- [ASSIGNMENT] Print the listing in its entirety and exactly, leaving out images.

- [DATA SECTION]
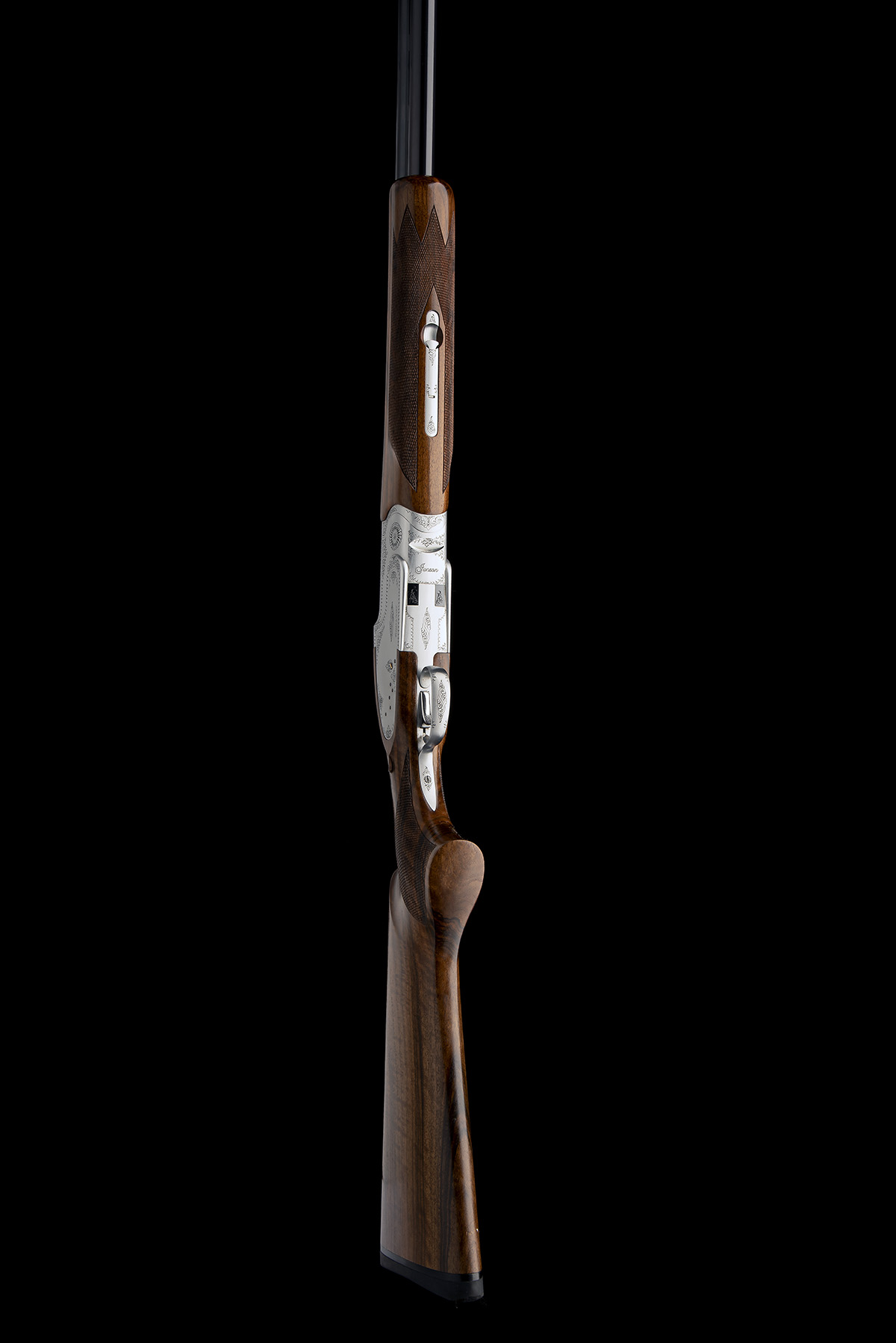 dated 2012, 30in. nitro barrels with ventilated mid-rib (some loss of bluing) and 8mm ventilated matt top-rib, 3in. chambers, multichokes (no spares), hold-open toplever, manual safety, cocking-indicators, pins blued, border engraving, matt silver finish, 15in. pistolgrip stock including 1/2in. rubber recoil pad, weight 8lb. 7oz.
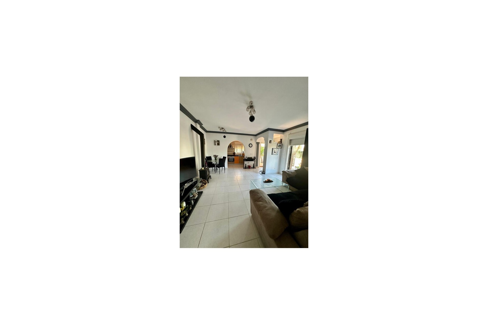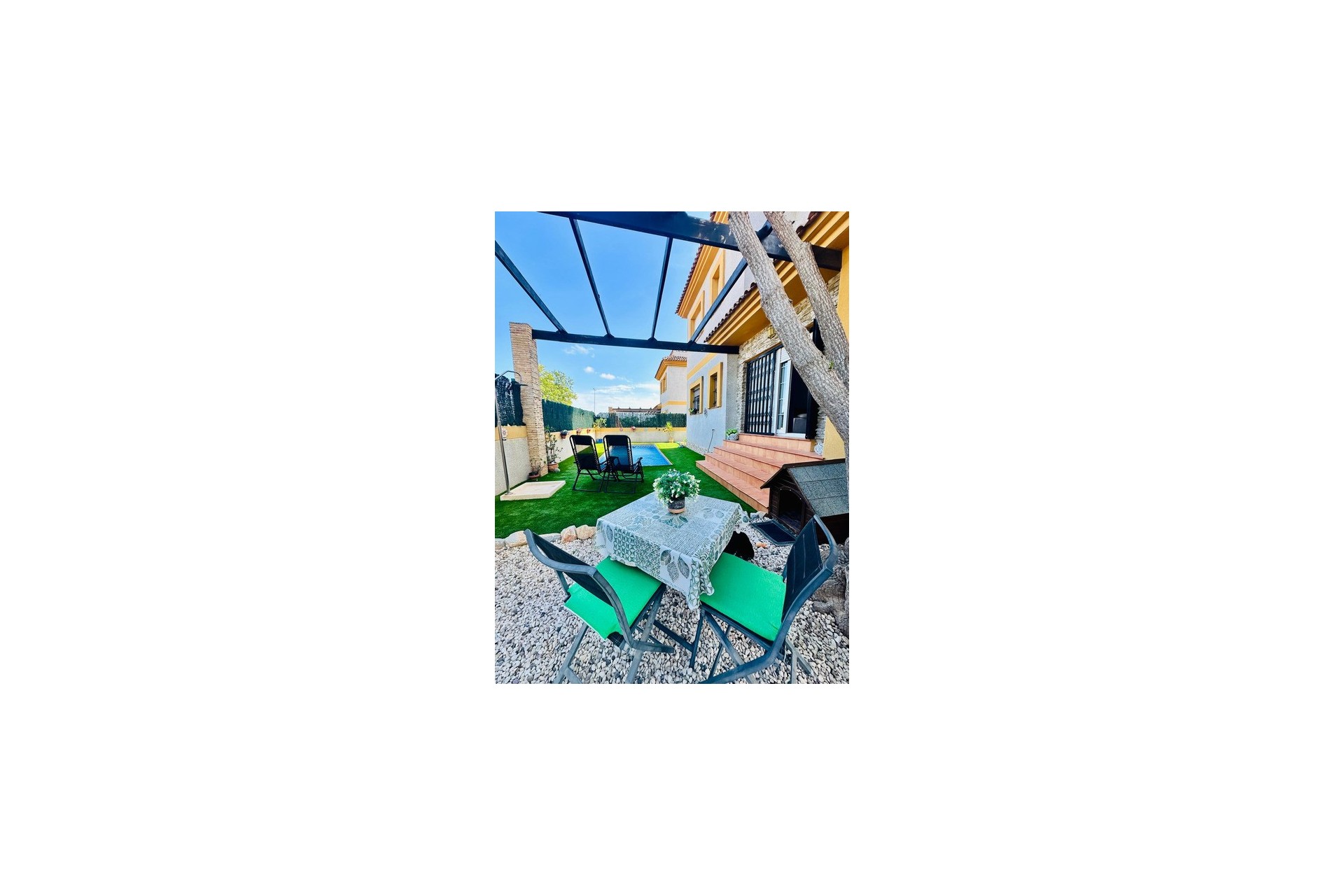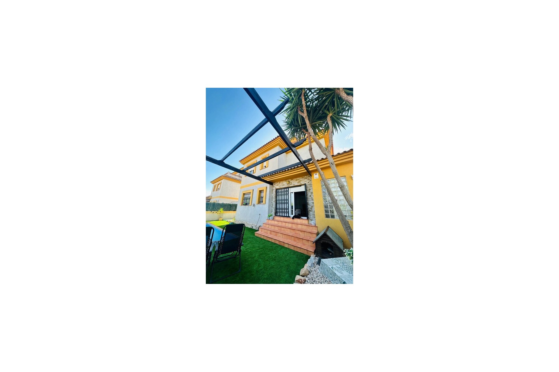 Bottenvåningen presenterar ett härligt öppet och rymligt vardagsrum med öppen spis och altandörr till poolområdet. Fullt utrustat modernt kök separerat av en valvbåge. Dubbelrum med unik klädkammare som fungerar som en rolig barnhörna eller extra förvaring. Badrum på bottenvåningen med dusch. En ljus trappa tar dig till första våningen med ett familjebadrum, sovrum med inbyggda garderober och sovrum med inbyggda garderober och altandörrar till den privata terrassen. Interna trappor leder från denna våning upp till solterrassen, perfekt för att njuta av vintersolen och den vidsträckta utsikten. Ett urval av restauranger/barer och en stormarknad ligger bara 2 minuters promenad bort, med stränder, köpcentra och Alicantes flygplats inom bekvämt bilavstånd. Fastigheten säljs delvis möblerad med luftkonditionering i hela huset.
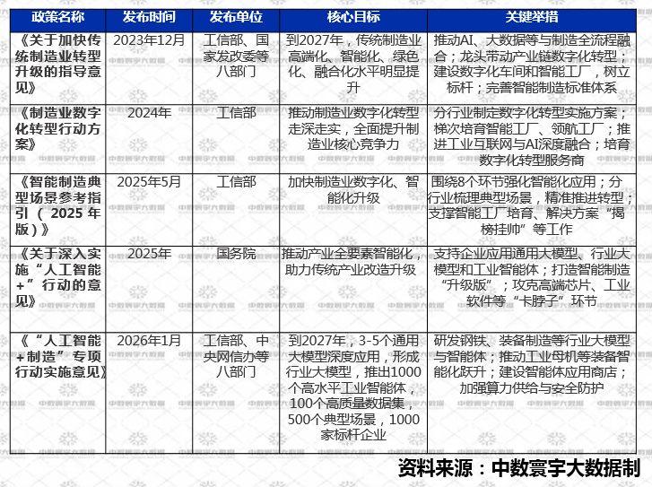 顶层战略持续加码,形成完整闭环。国家层面搭建“战略引导-路径规划-落地执行”的政策框架,从《中国制造2025》奠定转型基础,到《“十四五”智能制造发展规划》明确量化目标,再到2026年《“人工智能+制造”专项行动实施意见》聚焦深度融合,政策覆盖研发设计、生产制造、仓储物流、售后服务全生命周期,重点定向汽车、装备、电子、化工等传统制造业细分领域,为企业转型指明清晰方向。
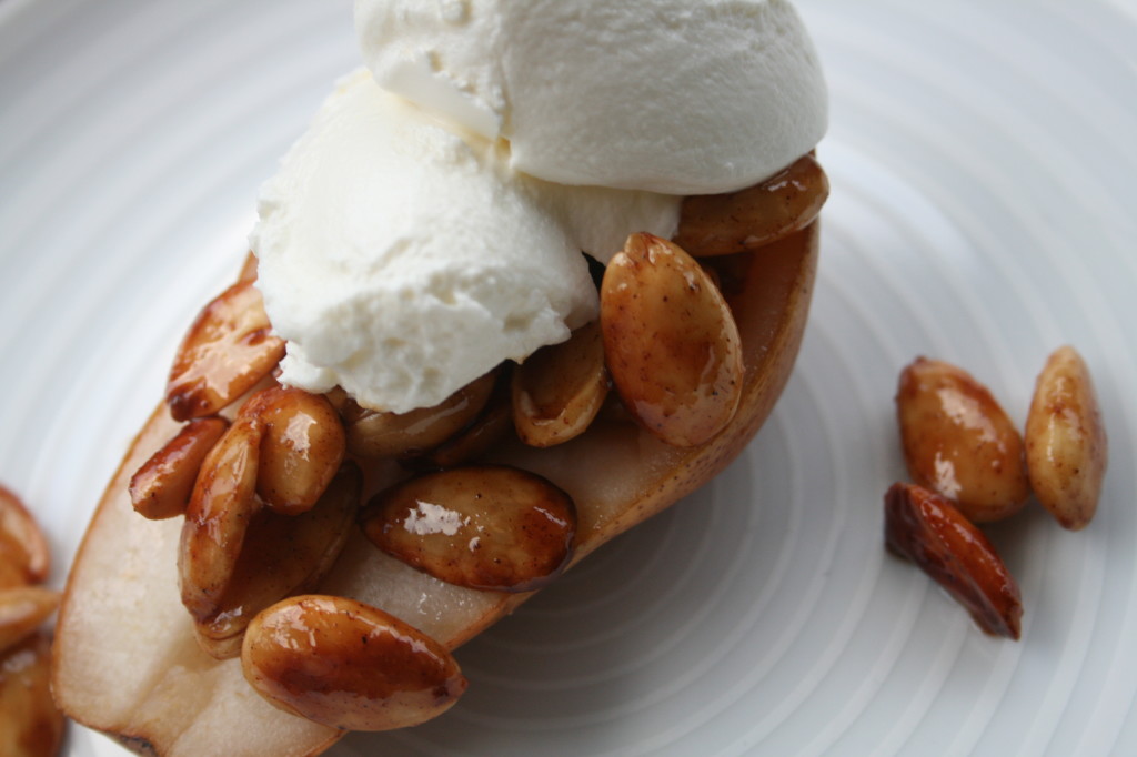 Candied Almonds on Roasted Pears

- [WRITTEN SOLUTION]
 dated 2012, 30in. nitro barrels with ventilated mid-rib (some loss of bluing) and 8mm ventilated matt top-rib, 3in. chambers, multichokes (no spares), hold-open toplever, manual safety, cocking-indicators, pins blued, border engraving, matt silver finish, 15in. pistolgrip stock including 1/2in. rubber recoil pad, weight 8lb. 7oz.
 Bottenvåningen presenterar ett härligt öppet och rymligt vardagsrum med öppen spis och altandörr till poolområdet. Fullt utrustat modernt kök separerat av en valvbåge. Dubbelrum med unik klädkammare som fungerar som en rolig barnhörna eller extra förvaring. Badrum på bottenvåningen med dusch. En ljus trappa tar dig till första våningen med ett familjebadrum, sovrum med inbyggda garderober och sovrum med inbyggda garderober och altandörrar till den privata terrassen. Interna trappor leder från denna våning upp till solterrassen, perfekt för att njuta av vintersolen och den vidsträckta utsikten. Ett urval av restauranger/barer och en stormarknad ligger bara 2 minuters promenad bort, med stränder, köpcentra och Alicantes flygplats inom bekvämt bilavstånd. Fastigheten säljs delvis möblerad med luftkonditionering i hela huset.
 顶层战略持续加码,形成完整闭环。国家层面搭建“战略引导-路径规划-落地执行”的政策框架,从《中国制造2025》奠定转型基础,到《“十四五”智能制造发展规划》明确量化目标,再到2026年《“人工智能+制造”专项行动实施意见》聚焦深度融合,政策覆盖研发设计、生产制造、仓储物流、售后服务全生命周期,重点定向汽车、装备、电子、化工等传统制造业细分领域,为企业转型指明清晰方向。
 Candied Almonds on Roasted Pears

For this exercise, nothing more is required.